Al terzo posto ho messo il film che più mi ha intrattenuto, al cinema, in questo 2014: Edge of Tomorrow. Un bel filmetto d’azione con ambientazione fantascientifica che funziona dall’inizio alla fine. Lui è Tom Cruise e, dite quel che volete, per me funziona sempre. Lei è Emily Blunt, anzi, è Emily Blunt con una cazzo di mega armatura da Space Marine. I nemici sono dei mostroni repellenti che giocano con il tempo. La trama è quella di un videogame, ma non ha buchi e fila in tutte le sue parti, finale (buonista) compreso. Due ore di sano cinema come si deve. Una figata.
Al secondo posto ci metto Gone Girl. David Fincher è un figo di Dio, nonchè il mio regista preferito, e qui tira fuori una roba di un disturbante che metà ne basta. Tensione dal minuto 3, ritmo misuratissimo, regia sublime e film della madonna.
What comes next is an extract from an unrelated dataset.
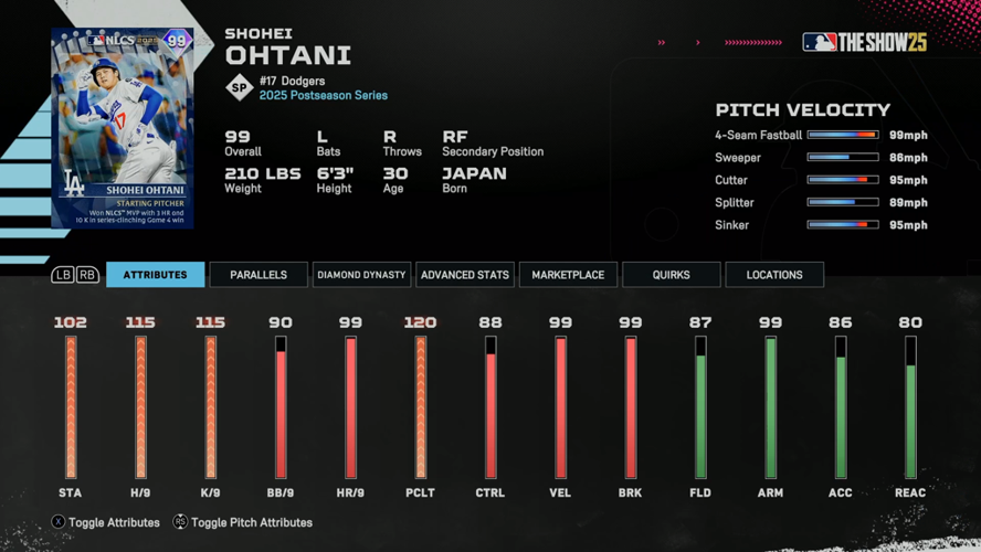 A standout addition is Shohei Ohtani, whose 99 overall card emerges as a game-changer. This card is earned through a remarkable NLCS performance where Ohtani struck out ten Phillies and launched three home runs in Game 4. The card features versatile attributes, making him an elite starting pitcher, yet his hitting stats also position him as a potent DH option, with contact and power ratings suitable for endgame play.

In italia è arrivato col titolo “L’amore bugiardo” e quando l’ho visto io, delle 20 persone in sala almeno 15 erano convinte fosse una commedia romantica con Ben Affleck. Le matte risate. Sarebbe stato il film dell’anno in qualunque altro anno, tolto forse l’anno in cui è uscito Seven, o Fight Club, cosa che da un lato fa gridare: “Fincher santo subito!”, ma dall’altro da una misura del film che si piazza in testa alla mia classifica.
Prima posizione a The LEGO Movie. Solo una parola: AWESOME.
Detto tutto? Sì, direi di sì.
Anzi no, quest’anno è stato abbastanza figo anche per il cinema italiano. Non ho visto “La Grande Bellezza” che mi sa di palla clamorosa e senza appello e “Il Capitale Umano” è bello, ma neanche così tanto. Però ho visto “Smetto quando voglio” e non ricordo l’ultima volta che ho riso così tanto al cinema.